145 F.3d 1346
98 CJ C.A.R. 2235
NOTICE: Although citation of unpublished opinions remains unfavored, unpublished opinions may now be cited if the opinion has persuasive value on a material issue, and a copy is attached to the citing document or, if cited in oral argument, copies are furnished to the Court and all parties. See General Order of November 29, 1993, suspending 10th Cir. Rule 36.3 until December 31, 1995, or further order.
Robert Edward KOZELSKI, Petitioner-Appellant,
v.
Warden BOOKER, Respondent-Appellee.
No. 97-1426.
United States Court of Appeals, Tenth Circuit.
May 6, 1998.
Before SEYMOUR, BRORBY, and BRISCOE, Circuit Judges.
ORDER AND JUDGMENT*
WADE BRORBY, United States Circuit Judge.
After examining the briefs and appellate record, this panel has determined unanimously that oral argument would not materially assist the determination of this appeal. See Fed.R.App. P. 34(a); 10th Cir.R. 34.1.9. The case is therefore ordered submitted without oral argument.
Mr. Robert Kozelski is a federal prisoner. Acting pro se, he sought a writ of habeas corpus in the district court pursuant to 28 U.S.C. § 2241, arguing the United States Parole Commission's denial of credit for time he spent on parole after he was returned to prison for various violations of his parole conditions raises issues of due process and double jeopardy. Finding Mr.

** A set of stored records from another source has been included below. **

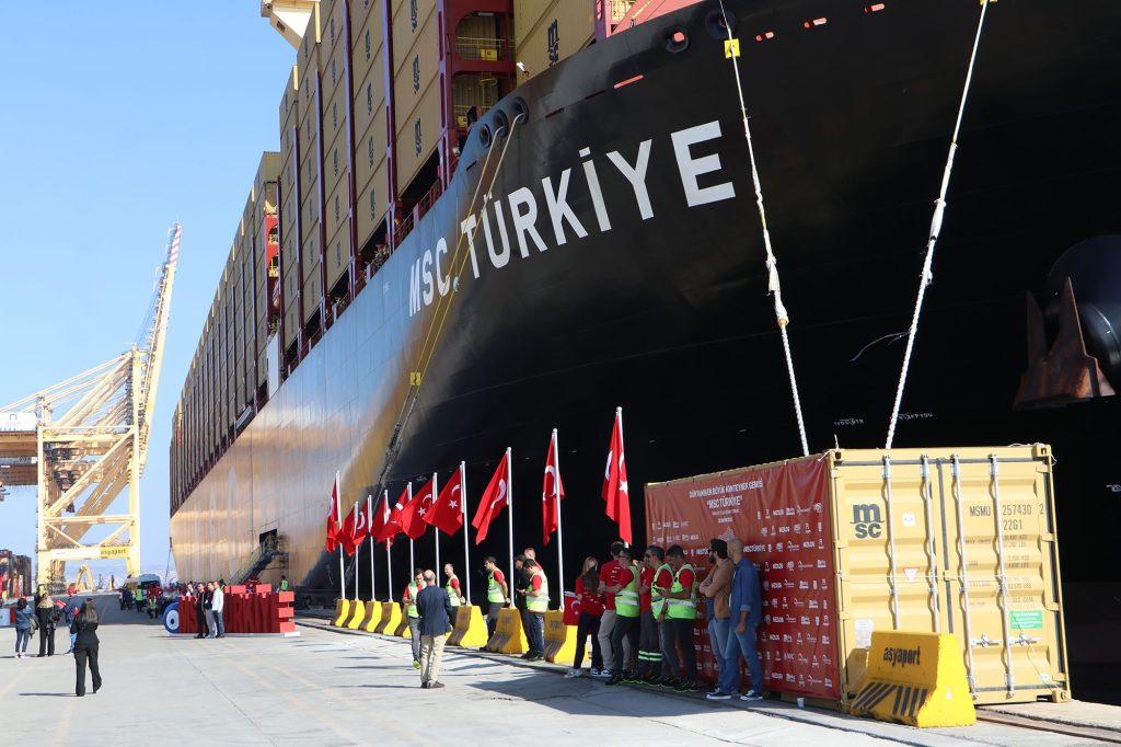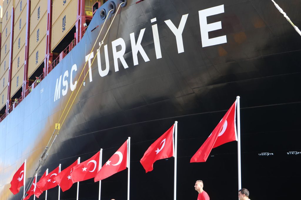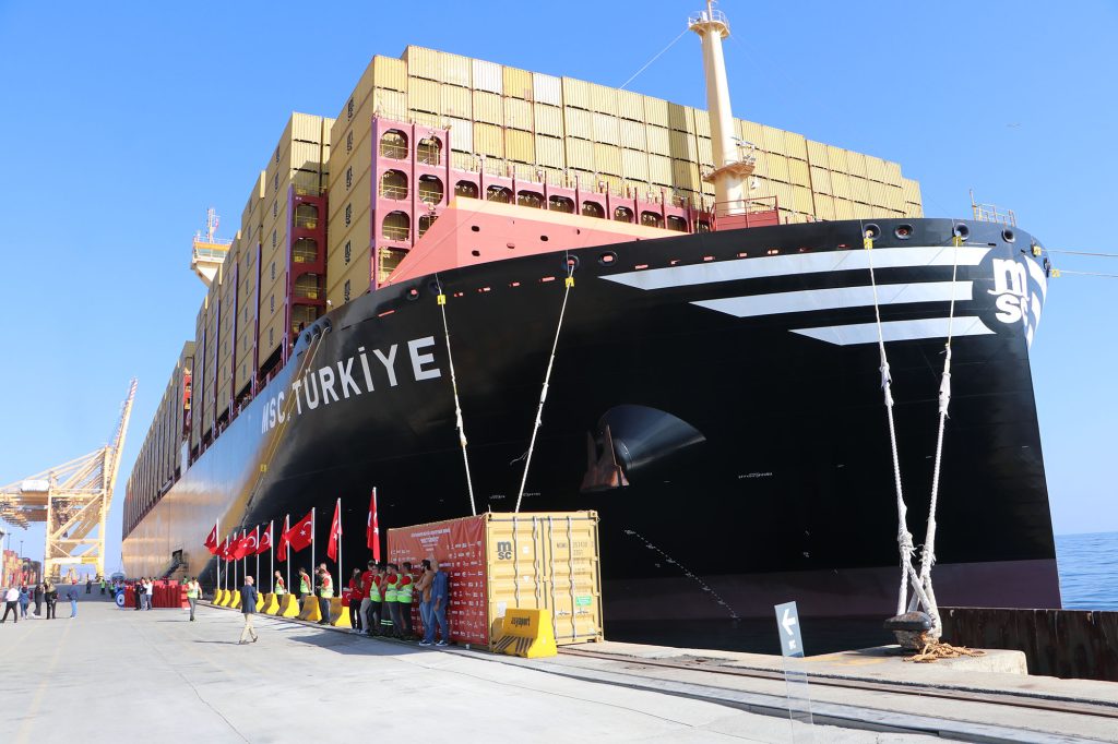 Dünya taşımacılık devi MSC’nin İtalyan sahipleri Aponte ailesinin Çin’de inşaa ettirdiği Dünya’nın en büyük konteynır gemisi olan ve Cumhuriyet’in 100. Yılı nedeniyle MSC Türkiye adı verilen gemi, 4 futbol sahası büyüklüğünde, 25 katlı apartman yüksekliğinde. MSC Türkiye 24 bin 346 konteynır taşıma kapasitesine sahip.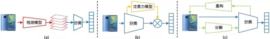 如上图所示,(a) 主要依靠目标物体检测模型从图像中提取目标物体图像与背景图像信息进行区分,然后再基于目标物体图像的特征进行分类。方法 (a) 主要是考虑去掉背景信息对于物体分类带来的干扰。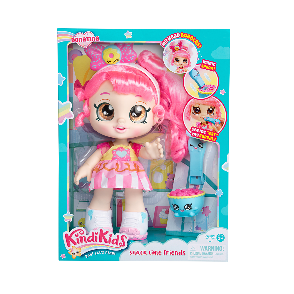 Donatina to lalka o słodkich, różowych włosach i dużych błyszczących oczach. Kiedy weźmiemy ją w dłonie - lalka „ożywa” delikatnie poruszając głową. Lalka ma ściągane ubranka oraz buciki. W zestawie znajdują się dwa interaktywne akcesoria: miseczka z płatkami i magiczna łyżeczka. Aby nakarmić naszą lalkę wystarczy wyjąć łyżeczkę z płatkami i przyłożyć do ust Donatiny, a one same "znikają".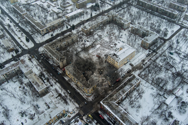 Usuwanie zniszczeń po uderzeniu rosyjskiego pocisku rakietowego na jednym z osiedli Kramatorska w obwodzie donieckim, 2 bm. Jeden wielopiętrowy budynek mieszkalny został całkowicie zburzony, ok. 10 innych uległo uszkodzeniom. W wyniku ataku zginęły co najmniej 3 osoby, a ok. 20 zostało rannych. Trwa inwazja Rosji na Ukrainę. (jm) PAP/Alena Solomonova Ukraińscy ratownicy pracują na miejscu po nocnym ataku rakietowym na dzielnicę mieszkaniową w Kramatorsku na Ukrainie, na początku 2 lutego 2023 r.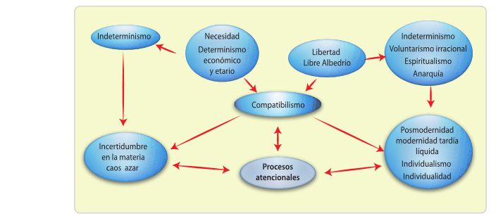 En segundo momento, existen acontecimientos diversos entre los determinismos y las libertades fluyendo en el sistema educativo, que moviliza la intencionalidad y decisión de los profesores motivándolos a crear rutas coherentes, incongruentes, erráticas y estacionarias, entre las tres posturas. En el individuo está la posibilidad de intervenir en una tendencia determinista durante un tiempo determinado y variar a la tendencia compatibilista en otro tiempo o asegurar un tiempo de libertad frágil.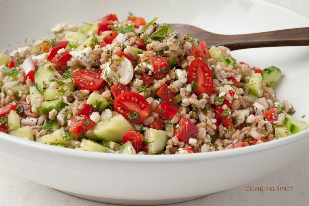 This refreshing salad, with its bright, fresh herbs, crisp cucumber and sweet red bell pepper, its chewy farro, and bits of salty feta, tastes like summer! It can be the central part of a vegetarian meal, or a side dish for roasted or grilled chicken, or grilled salmon.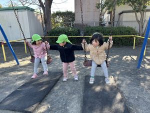 ブランコで遊んでいるお友達の背中をそっと押してあげる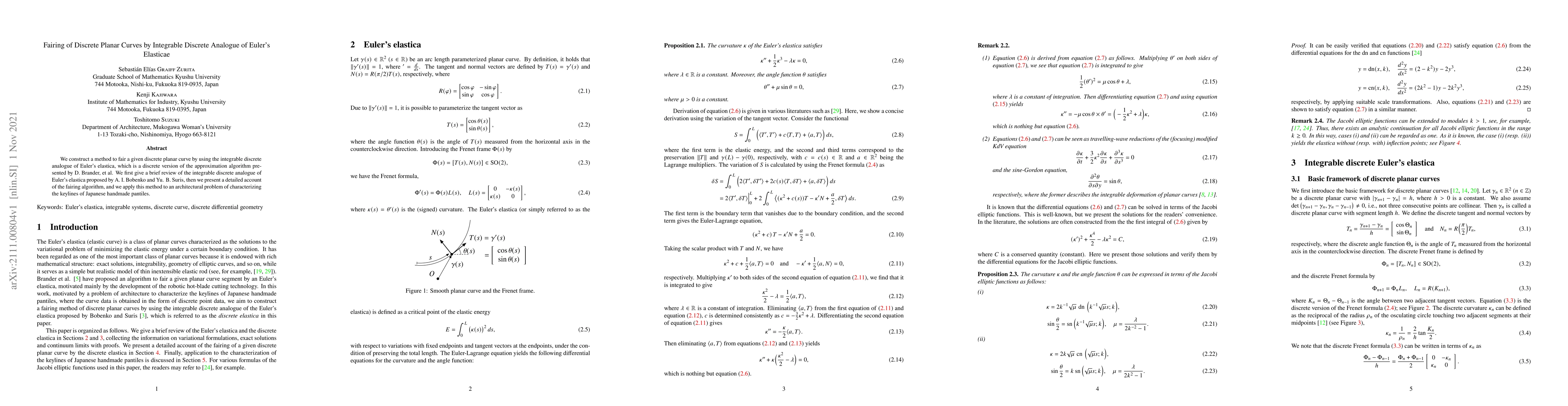 The paper introduces an integrable discrete analogue of Euler's elastica for fairing discrete planar curves, along with a variational formulation and optimization method using IPOPT.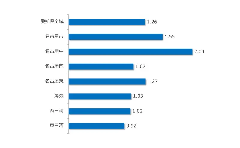 ◎名古屋市1.55倍、尾張エリア1.03倍、西三河1.02倍、東三河0.92倍となり、尾張エリア・西三河エリアは前月を上回った。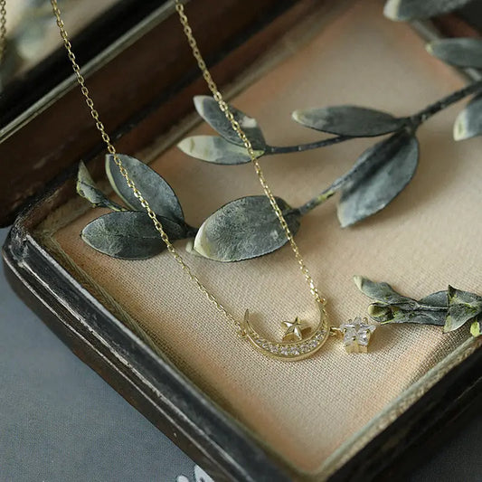 Lariat Y Necklace - Moon Star Charm (Gold)

Kozelski's claims unsupportable, the district court denied his application and dismissed his case on October 31, 1997.
On December 4, 1997, pursuant to 28 U.S.C. § 1915(a)(3), the district court denied Mr. Kozelski's motion to proceed on appeal without paying this court's filing fee because the appeal was not taken in good faith. Pursuant to Federal Rule of Appellate Procedure 24(a), Mr. Kozelski now asks this court to grant him leave to file his appeal in forma pauperis.

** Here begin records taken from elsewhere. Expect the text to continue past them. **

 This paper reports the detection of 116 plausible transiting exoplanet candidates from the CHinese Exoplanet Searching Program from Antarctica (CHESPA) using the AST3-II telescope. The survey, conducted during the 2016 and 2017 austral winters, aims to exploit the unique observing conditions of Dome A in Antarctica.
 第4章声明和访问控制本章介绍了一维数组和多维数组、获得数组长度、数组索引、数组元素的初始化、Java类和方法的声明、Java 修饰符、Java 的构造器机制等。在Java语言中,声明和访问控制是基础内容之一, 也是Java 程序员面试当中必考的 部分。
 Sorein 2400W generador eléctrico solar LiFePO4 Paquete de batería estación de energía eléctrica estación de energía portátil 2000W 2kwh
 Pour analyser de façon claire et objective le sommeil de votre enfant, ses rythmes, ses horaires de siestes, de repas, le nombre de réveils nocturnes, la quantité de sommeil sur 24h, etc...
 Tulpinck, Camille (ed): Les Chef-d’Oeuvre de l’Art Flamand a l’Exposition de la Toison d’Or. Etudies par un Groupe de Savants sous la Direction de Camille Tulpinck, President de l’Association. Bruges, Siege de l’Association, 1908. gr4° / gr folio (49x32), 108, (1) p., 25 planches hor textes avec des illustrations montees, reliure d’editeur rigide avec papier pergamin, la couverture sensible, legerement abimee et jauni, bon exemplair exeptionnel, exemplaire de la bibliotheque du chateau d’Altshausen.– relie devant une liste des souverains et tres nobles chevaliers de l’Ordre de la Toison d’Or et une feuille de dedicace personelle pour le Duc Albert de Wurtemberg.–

After carefully reviewing the record, we find the district court properly denied Mr. Kozelski's application for a writ of habeas corpus.1 Furthermore, we agree that this appeal was not taken in good faith. Therefore, pursuant to § 1915(a)(3) and Rule 24, we DENY Mr. Kozelski leave to proceed in forma pauperis and DISMISS his appeal.

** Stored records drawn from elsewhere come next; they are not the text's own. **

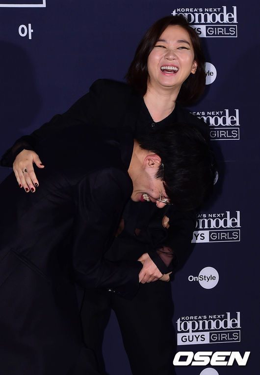 6일 오후 서울 도산대로에 위치한 CGV 청담 씨네시티에서 열린 온스타일 '도전 수퍼모델 코리아 GUYS & GIRLS'(도수코 가이즈앤걸스) 제작발표회에서 장윤주와 김원중이 장난을 치고 있다.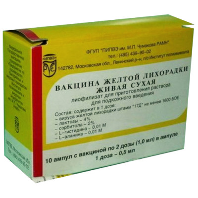 Латинское название: YELLOW FEVER VACCINE, LIVE, DRY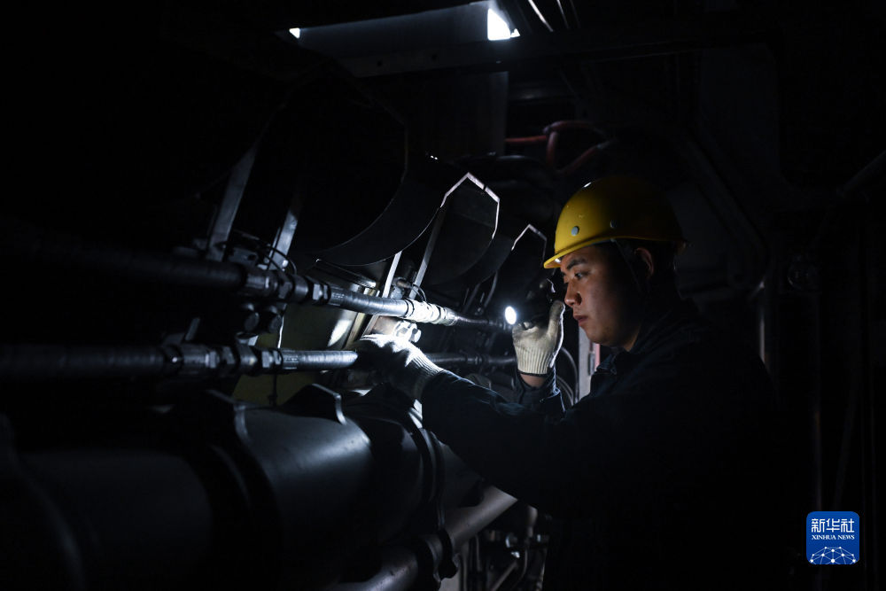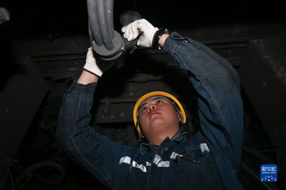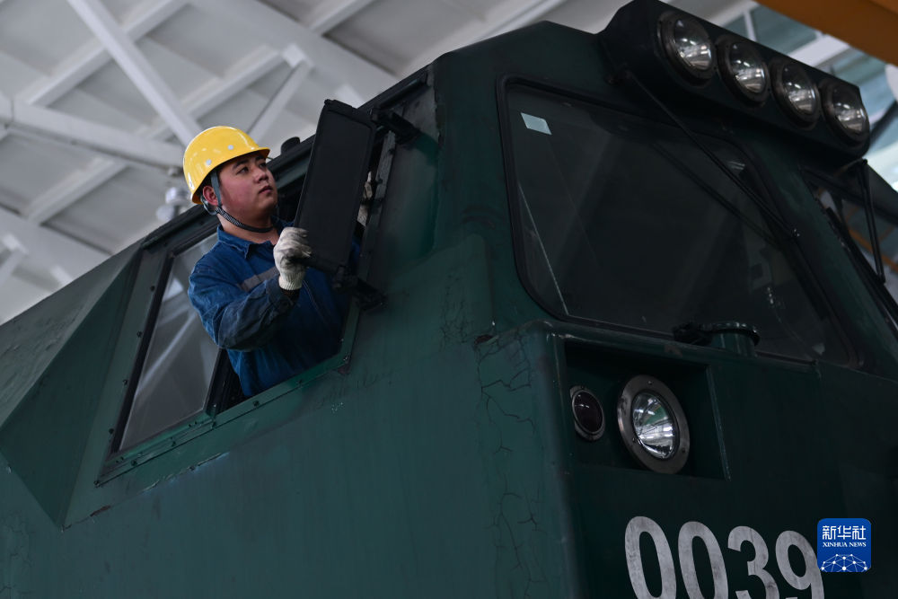 2月4日,在格爾木機務(wù)段檢修車間,馬國仁在檢修機車。新華社記者 張龍 攝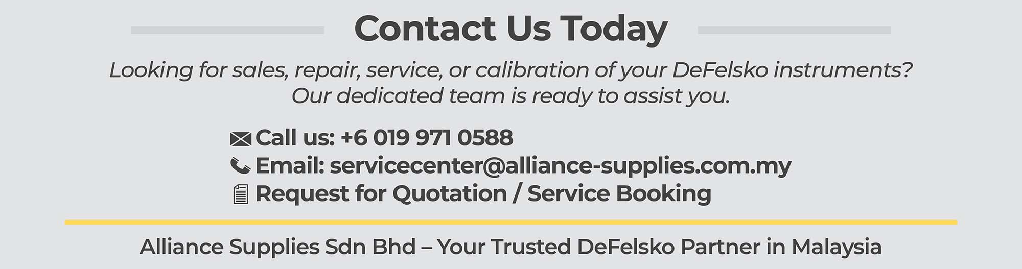Alliance Supplies Sdn Bhd is proud to be an Authorized DeFelsko Sales & Service Partner in Malaysia, providing customers with genuine products, expert repair, and certified calibration services.

This order and judgment is not binding precedent except under the doctrines of law of the case, res judicata and collateral estoppel. The court generally disfavors the citation of orders and judgments; nevertheless, an order and judgment may be cited under the terms and conditions of 10th Cir.R. 36.3
First, the United States Parole Commission's actions did not deny Mr. Kozelski his due process rights. The Commission's revocation of credit for the time he spent on parole was authorized by 18 U.S.C. § 4210(b)(2) and 28 C.F.R. § 2.52(c)(2). See DeCuir v. United States Parole Comm'n, 800 F.2d 1021, 1023 (10th Cir.1986) ("The Commission must order forfeiture of street time whenever a parolee is convicted of a new offense punishable by a term of imprisonment."); Harris v. Day, 649 F.2d 755, 758-60 (10th Cir.1981) ("the parolee who has been convicted of a new crime automatically forfeits the time he spent on parole"). The Ninth Circuit, whose laws apply because Mr. Kozelski was in California during the relevant time period, has ruled that the decision to revoke credit for the time spent on parole falls within the discretion of the Commission. See Rizzo v. Armstrong, 921 F.2d 855, 861 (9th Cir.1990). In revoking Mr. Kozelski's street time after providing a parole revocation hearing, the Commission acted well within its authority and discretion. Furthermore, the regulations provide the Commission with discretion to delay executing a warrant or summons after a violation is reported. 28 C.F.R. § 2.44(b). Therefore, the Commission did not forfeit its authority to issue a warrant and revoke credit for the time Mr. Kozelski spent on parole simply, as he argues, because it first tried to resolve the problem by modifying the terms of his parole
Second, parole determinations are not considered criminal punishment for purposes of double jeopardy analysis, see Kell v. United States Parole Comm'n, 26 F.3d 1016, 1020 (10th Cir.1994), so Mr. Kozelski's double jeopardy argument lacks merit.